Evaluating Predicted Probability Distributions

Uncertainty Quantification

There are endless problems in physics where simple point estimates are not enough; we would prefer probability distribution functions (PDFs) of parameters. For example, cosmological and galaxy evolution studies can be sensitive to not only how far away a galaxy (or a group of galaxies) is, but to the probability that it is at a distance z. Beyond a measurement of the most likely parameter value, these PDFs also provide a sense of uncertainty via probabilities for all possible parameter values.

Every field, including astronomy, has a myriad of methods that provide different PDFs for the same parameter.

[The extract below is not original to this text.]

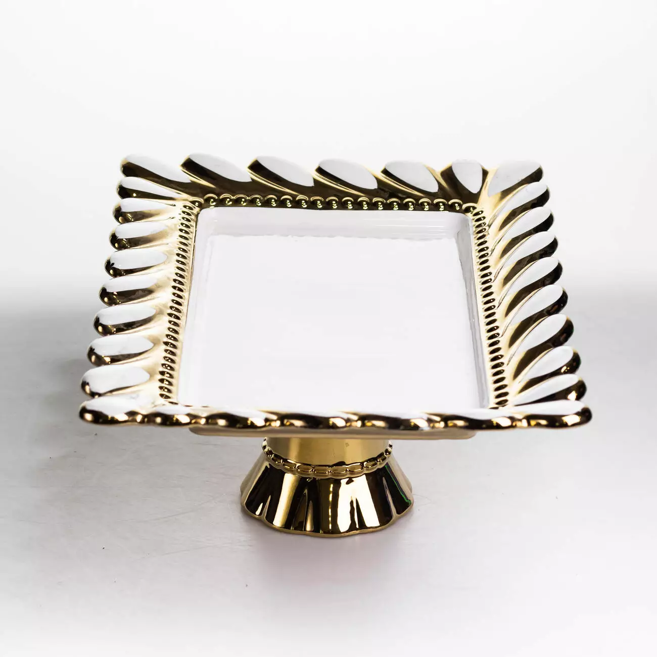 Ніжка виконана в золотому кольорі, має масивну форму з плавним розширенням донизу, що забезпечує стійкість конструкції. Поєднання порцелянової тарілки та металевої основи формує збалансований вигляд, який можна поєднувати з іншим посудом або використовувати як окремий елемент сервірування.
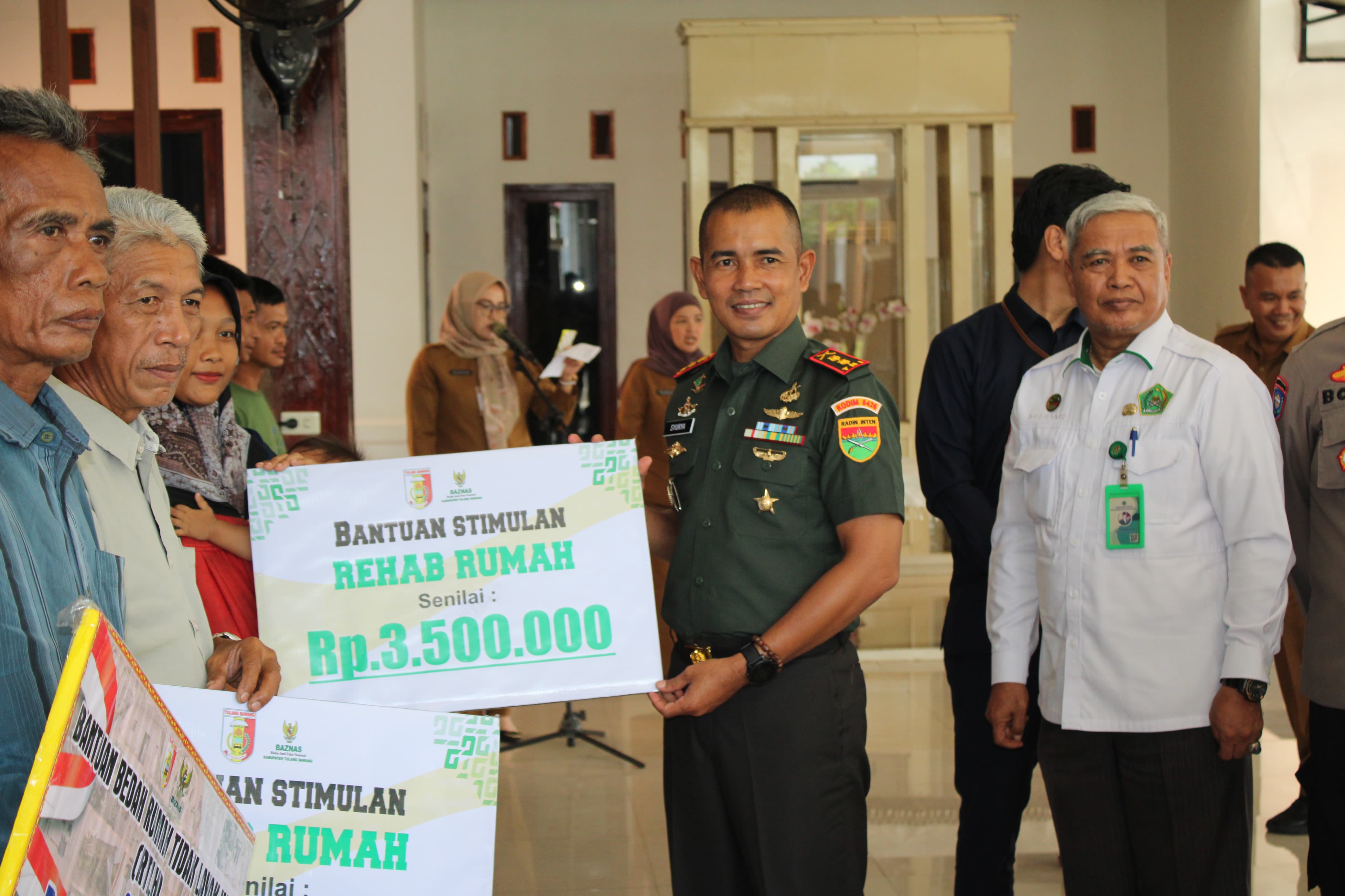 Menggala (Tulang Bawang) — Komandan Kodim 0426/Tulang Bawang Letkol Inf Syurya Dharma menghadiri kegiatan penyaluran bantuan Bedah Rumah dan bantuan ternak kambing oleh Pemerintah Kabupaten Tulang Bawang bekerja sama dengan Badan Amil Zakat Nasional (BAZNAS) Provinsi Lampung dan BAZNAS Kabupaten Tulang Bawang, Selasa 04 November 2025.

These methods can be empirical (think data-driven, machine learning), or based on a physical model (and assumptions that come with it). Either way, which of the distributions are correct? How can we quantify the performance of these methods? In this blog, I will focus on the canonical astrophysics example of photometric redshift (photo-z) estimation. However, these methods are applicable in other contexts as well. You can think of redshift as a proxy for a galaxy's distance from Earth. Check out my blog on estimating distances to galaxies with deep learning for more on redshift!

Samples of Truth

The main difficulty stems from the fact that we do not know the true PDFs. For a galaxy, we estimate its distance (z) based on its images (x). Our algorithms therefore provide an estimate of the PDF conditioned on the galaxy images (x), or a conditional density estimate (CDE) \(\tilde{P}(z|x).\) If we know the true conditional density \(P(z|x)\), then we can use many metrics that measure "distances" between probability distributions, such as KL divergence, Earth mover's distance, or CDE Loss. The CDE loss is particularly useful because it can be estimated even when the true distribution is not known (more on this below). It is an extension of the mean squared error loss and is defined as: \[L_\mathrm{CDE}(P,\tilde{P}) = \int\int[P(z|x) - \tilde{P}(z|x)]^2dzdP(x).\] If \(P(z|x)\) is not available, then our only option is to use samples from it.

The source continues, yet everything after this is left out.